Re: Resource forks
Re: Resource forks
- Subject: Re: Resource forks
- From: Chris Espinosa <email@hidden>
- Date: Sat, 24 Apr 2004 22:25:16 -0700
On Apr 24, 2004, at 12:44 AM, Nicolas Zinovieff wrote:
As far as I know, ProjectBuilder or Xcode can only create bundled
applications that get rid of the need of resource fork. rsrc files
have their data in the data fork (however, the resource manager can
manage the two types of resource files, old version with data in
resource fork and the new one with data in data fork).

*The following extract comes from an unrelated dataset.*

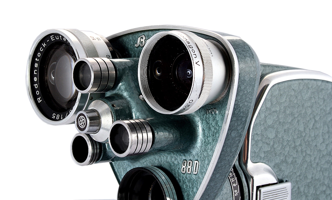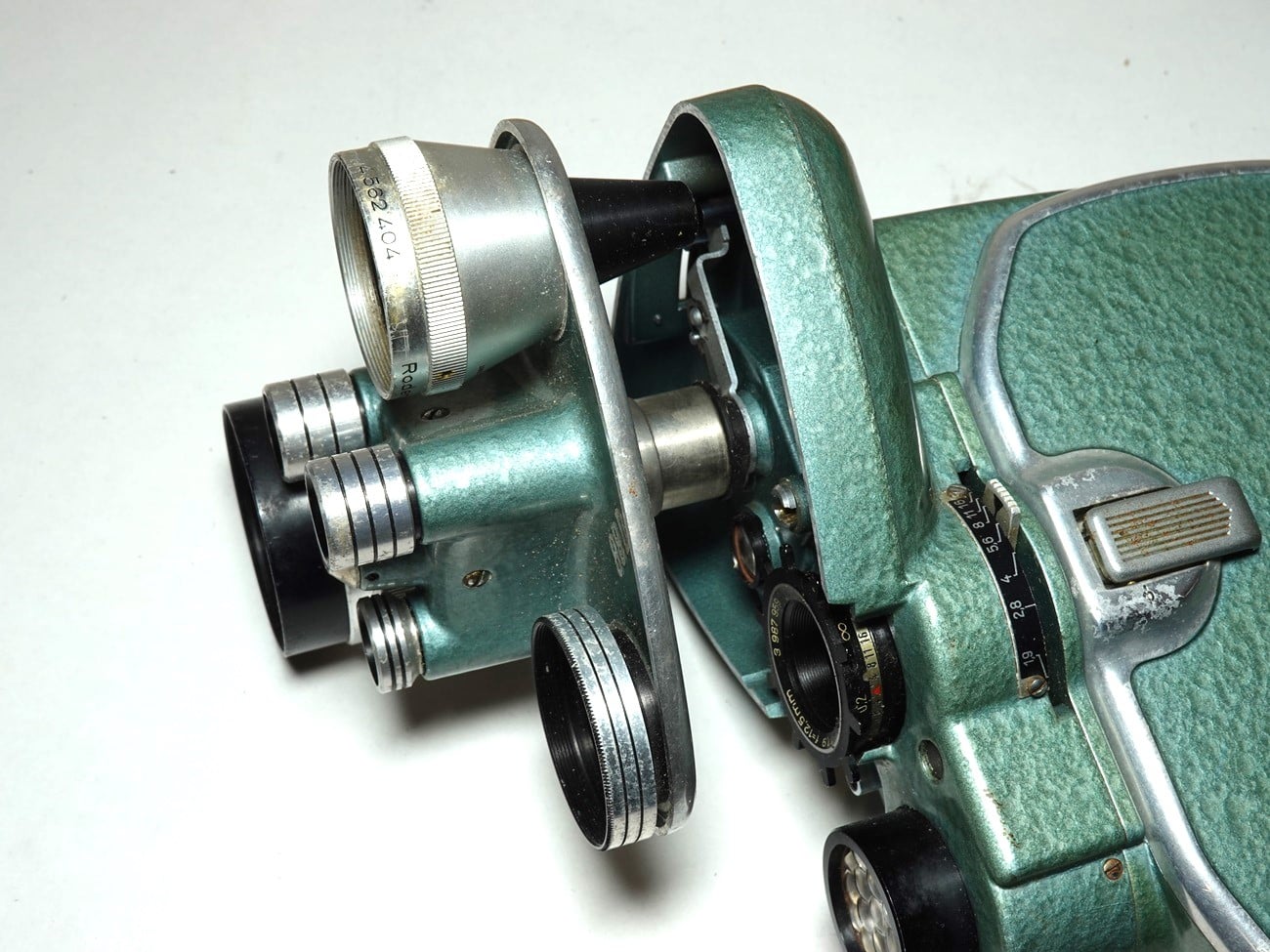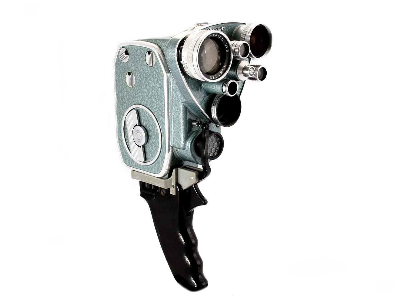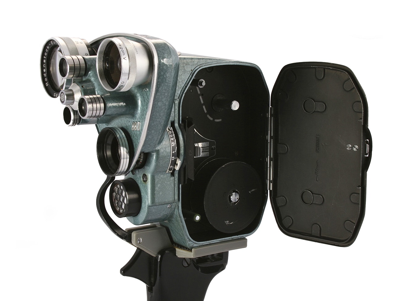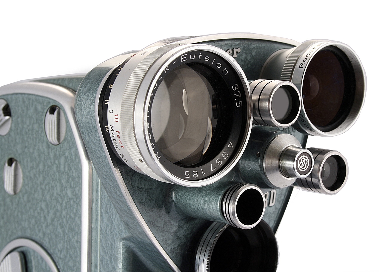 Irgendwie keine Schönheit, aber ein faszinierendes Zeugnis deutscher Kameratechnik für den Doppel-8-Film. Hergestellt von der Eugen Bauer GmbH, Stuttgart-Untertürkheim, in den Jahren 1958 bis 1960. Objektive: Grundobjektiv Rodenstock-Ronar 1:1,9/12,5 mm, manuelle Fokussierung; durch Objektivrevolver zuschaltbar: Rodenstock-Eutelon R 37,5 mm, manuelle Fokussierung, und Rodenstock-Ronagon R 0,5, Fixfokus. Bei jeder Umschaltung der Brennweite wird der Sucher automatisch angepasst. Fernrohrsucher mit 15 Linsen und Dioptrienkorrektur. Filmtransport mittels Federwerk (Einzelbildschaltung sowie 8, 16, 24 oder 48 Bilder pro Sekunde), gekuppelter Belichtungsmesser mit Selenzelle, manuelle Belichtungssteuerung. Pistolengriff.

Just take a look at "legacy" target in Xcode, or the target settings
in PB. You can set the resource fork to be separated (in a .rsrc file)
or in the executable.
Yes, "legacy" targets default to resource fork, and you have to add the
-useDF flag to use the data fork. Native targets default to -useDF and
there is no override to return it to the resource fork.
If I quite understand you, you want to add a resource fork to the
executable (hence the file in the MacOS folder of the application
bundle) but what's your goal ?
Just for the sake of descending AND ascending compatibility.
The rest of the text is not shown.